**What to do**
Take the lines below from the one with "曲谱介绍: 大乔小乔《黑光》" through the one with "Khi đã ấn định" and retype them exactly. Include nothing else, and no pictures.

**Records**
------------------------------------------------------------------------

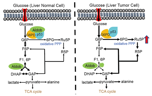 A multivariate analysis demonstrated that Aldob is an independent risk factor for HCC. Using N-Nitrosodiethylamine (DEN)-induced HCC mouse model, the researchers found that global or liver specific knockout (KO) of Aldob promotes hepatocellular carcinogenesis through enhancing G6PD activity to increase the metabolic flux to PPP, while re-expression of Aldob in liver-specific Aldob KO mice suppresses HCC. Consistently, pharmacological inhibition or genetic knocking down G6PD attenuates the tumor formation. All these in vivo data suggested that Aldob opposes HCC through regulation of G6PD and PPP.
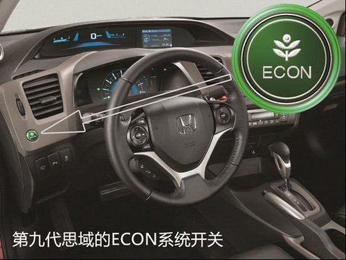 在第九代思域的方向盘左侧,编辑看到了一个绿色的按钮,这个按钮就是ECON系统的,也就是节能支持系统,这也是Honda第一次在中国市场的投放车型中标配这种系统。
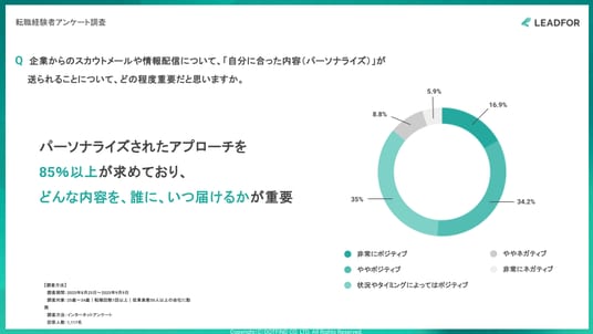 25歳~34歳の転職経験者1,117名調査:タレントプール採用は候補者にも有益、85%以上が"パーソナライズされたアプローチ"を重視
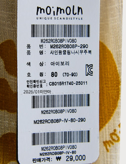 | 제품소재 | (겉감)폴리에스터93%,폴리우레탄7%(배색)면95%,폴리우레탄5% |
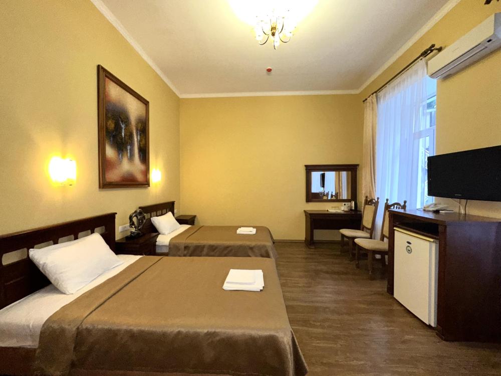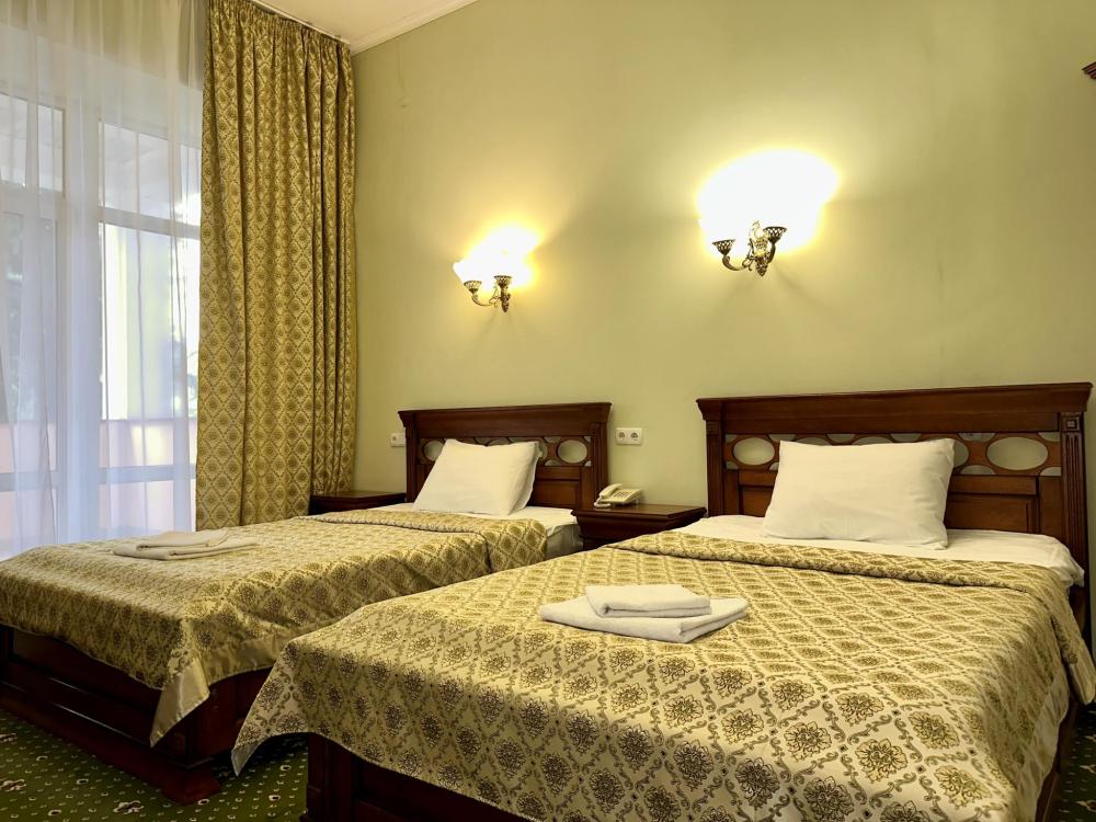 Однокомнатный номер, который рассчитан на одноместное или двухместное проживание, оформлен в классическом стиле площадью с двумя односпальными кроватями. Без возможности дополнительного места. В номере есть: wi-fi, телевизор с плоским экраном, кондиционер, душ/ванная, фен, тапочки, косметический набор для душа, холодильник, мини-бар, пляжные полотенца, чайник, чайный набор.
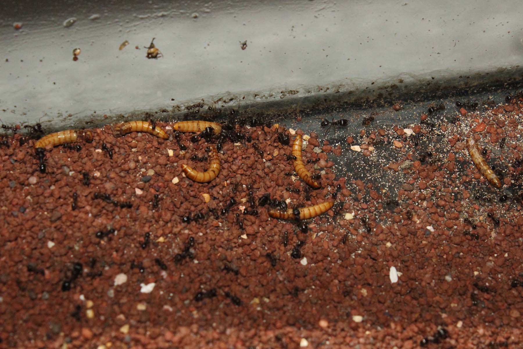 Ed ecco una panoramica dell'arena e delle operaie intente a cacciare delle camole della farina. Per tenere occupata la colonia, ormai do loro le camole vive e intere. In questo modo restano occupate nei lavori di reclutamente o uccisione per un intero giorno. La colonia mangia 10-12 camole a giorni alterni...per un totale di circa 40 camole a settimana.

------------------------------------------------------------------------

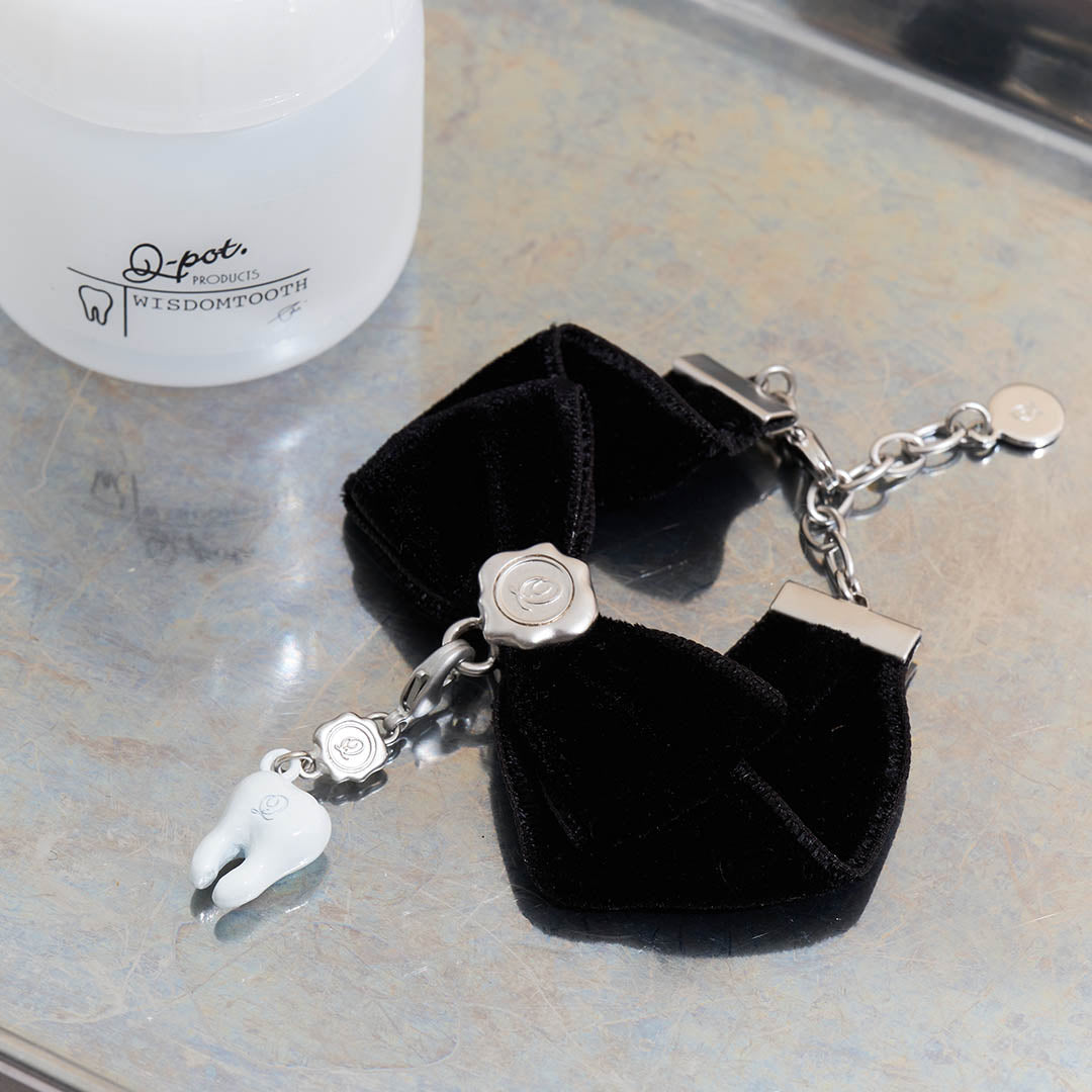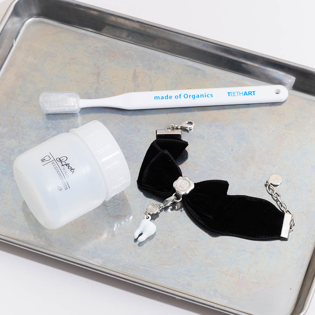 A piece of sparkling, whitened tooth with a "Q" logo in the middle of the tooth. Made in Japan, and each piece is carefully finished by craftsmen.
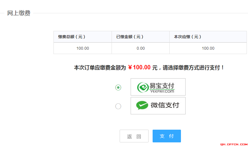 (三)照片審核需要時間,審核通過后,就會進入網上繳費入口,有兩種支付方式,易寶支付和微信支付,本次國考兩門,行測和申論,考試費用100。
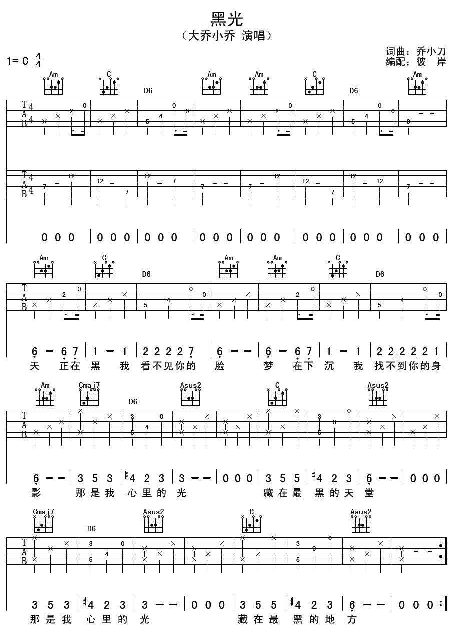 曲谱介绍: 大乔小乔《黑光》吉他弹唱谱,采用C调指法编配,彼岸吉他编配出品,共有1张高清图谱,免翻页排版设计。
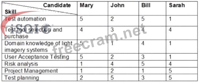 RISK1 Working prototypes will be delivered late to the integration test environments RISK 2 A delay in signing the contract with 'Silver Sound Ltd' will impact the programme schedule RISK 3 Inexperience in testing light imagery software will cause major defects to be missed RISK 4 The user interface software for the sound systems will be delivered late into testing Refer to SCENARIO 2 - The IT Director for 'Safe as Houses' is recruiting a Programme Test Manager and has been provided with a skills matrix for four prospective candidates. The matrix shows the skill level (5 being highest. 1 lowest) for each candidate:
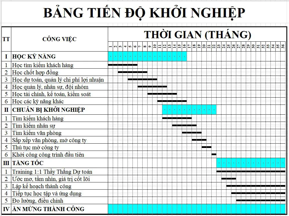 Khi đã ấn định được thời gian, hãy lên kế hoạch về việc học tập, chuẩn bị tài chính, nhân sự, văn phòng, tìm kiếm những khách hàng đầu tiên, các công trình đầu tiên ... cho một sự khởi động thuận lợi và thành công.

------------------------------------------------------------------------

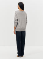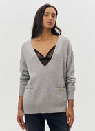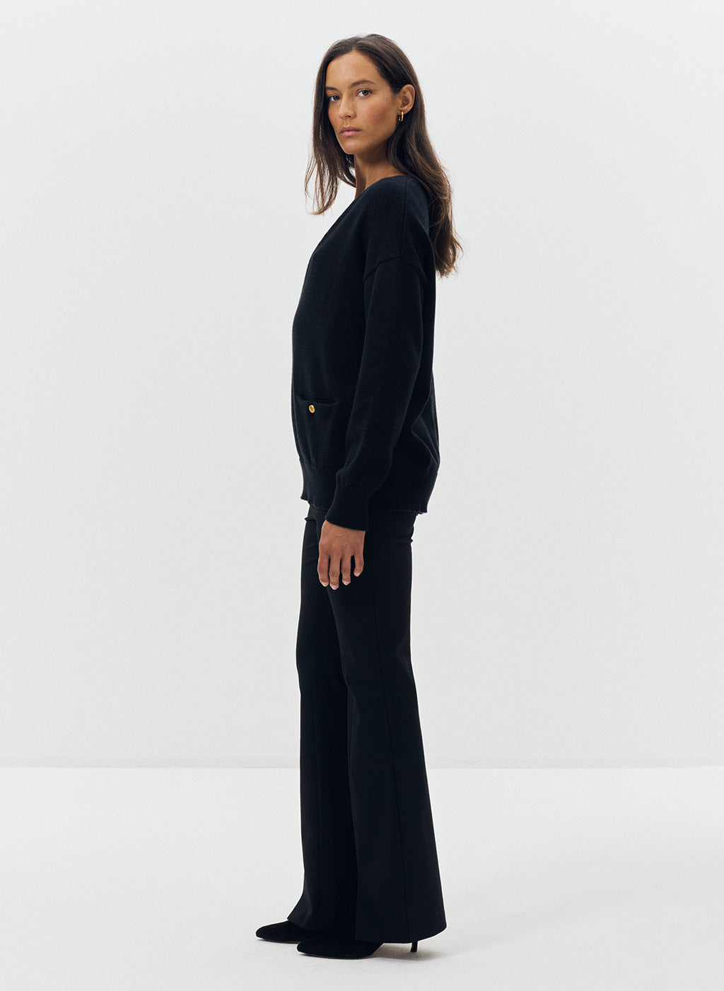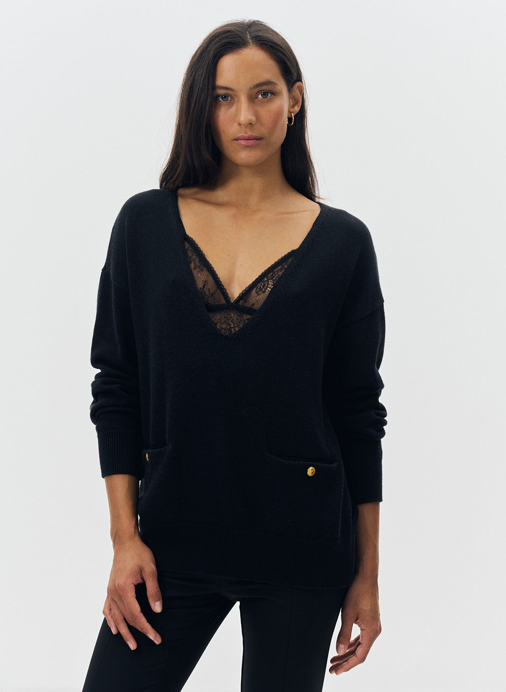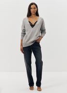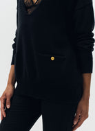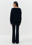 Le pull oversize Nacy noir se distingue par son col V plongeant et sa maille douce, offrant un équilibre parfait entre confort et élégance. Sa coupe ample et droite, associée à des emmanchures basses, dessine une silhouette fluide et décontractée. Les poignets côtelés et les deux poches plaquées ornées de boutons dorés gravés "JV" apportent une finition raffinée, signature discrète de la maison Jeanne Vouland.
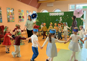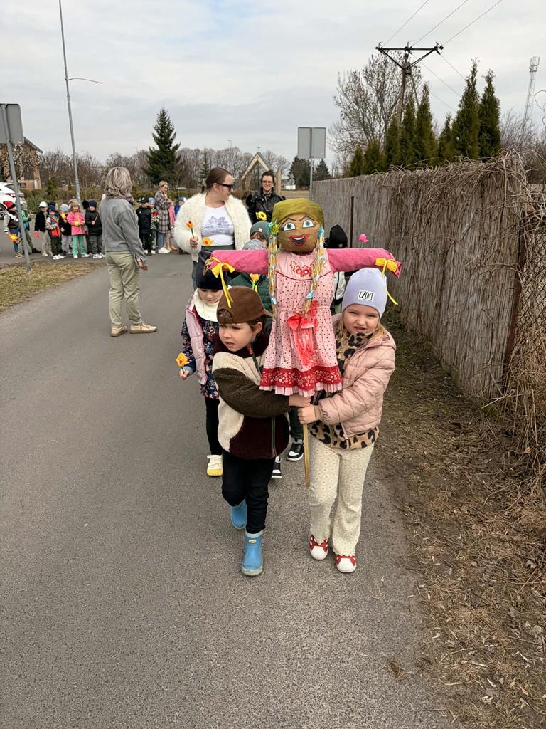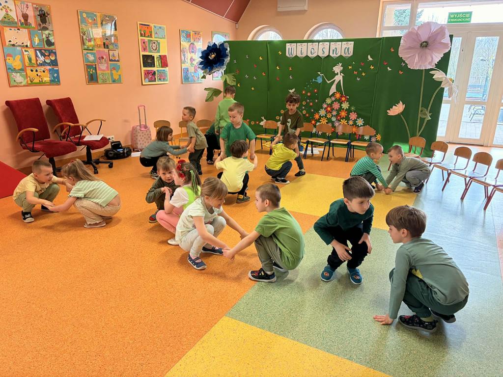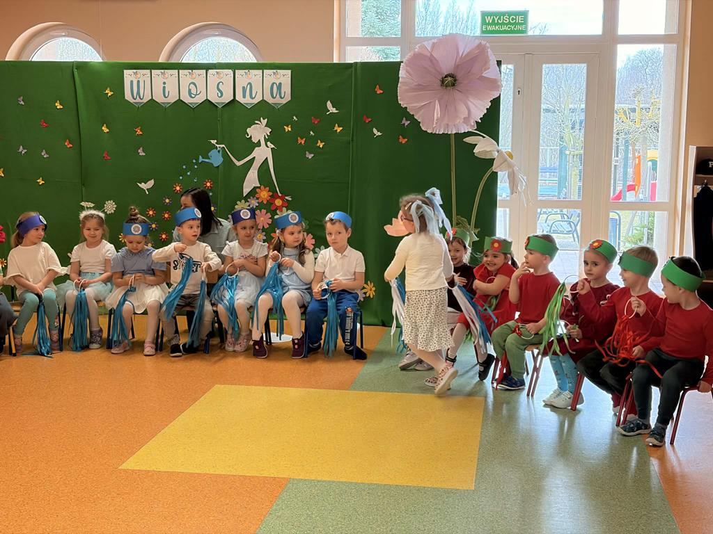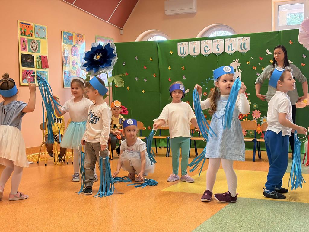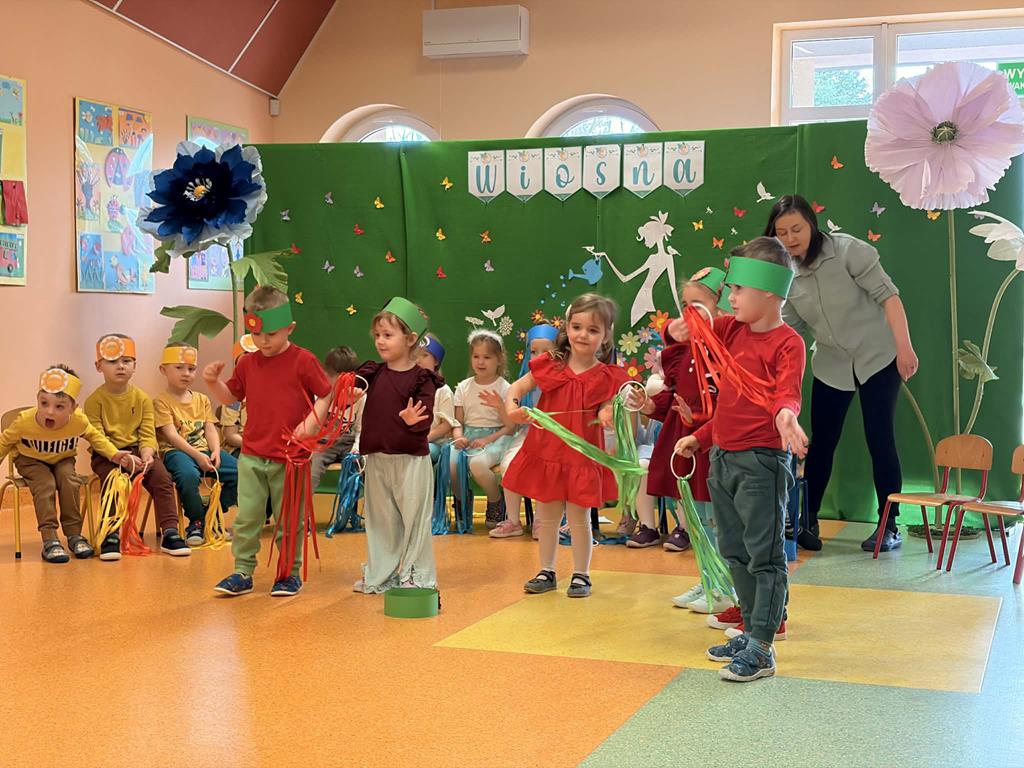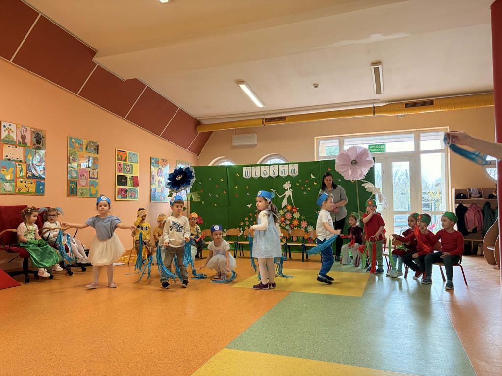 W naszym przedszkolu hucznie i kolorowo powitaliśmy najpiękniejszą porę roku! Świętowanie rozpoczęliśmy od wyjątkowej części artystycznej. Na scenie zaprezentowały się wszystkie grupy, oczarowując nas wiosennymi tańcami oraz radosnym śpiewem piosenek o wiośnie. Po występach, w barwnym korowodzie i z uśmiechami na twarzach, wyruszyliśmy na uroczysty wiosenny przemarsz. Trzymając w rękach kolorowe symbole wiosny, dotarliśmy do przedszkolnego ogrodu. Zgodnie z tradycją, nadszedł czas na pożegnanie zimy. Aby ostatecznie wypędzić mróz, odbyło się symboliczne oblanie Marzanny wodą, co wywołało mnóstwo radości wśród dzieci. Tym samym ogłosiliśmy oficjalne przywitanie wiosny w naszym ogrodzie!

------------------------------------------------------------------------

**Response**
 曲谱介绍: 大乔小乔《黑光》吉他弹唱谱,采用C调指法编配,彼岸吉他编配出品,共有1张高清图谱,免翻页排版设计。
 RISK1 Working prototypes will be delivered late to the integration test environments RISK 2 A delay in signing the contract with 'Silver Sound Ltd' will impact the programme schedule RISK 3 Inexperience in testing light imagery software will cause major defects to be missed RISK 4 The user interface software for the sound systems will be delivered late into testing Refer to SCENARIO 2 - The IT Director for 'Safe as Houses' is recruiting a Programme Test Manager and has been provided with a skills matrix for four prospective candidates. The matrix shows the skill level (5 being highest. 1 lowest) for each candidate:
 Khi đã ấn định được thời gian, hãy lên kế hoạch về việc học tập, chuẩn bị tài chính, nhân sự, văn phòng, tìm kiếm những khách hàng đầu tiên, các công trình đầu tiên ... cho một sự khởi động thuận lợi và thành công.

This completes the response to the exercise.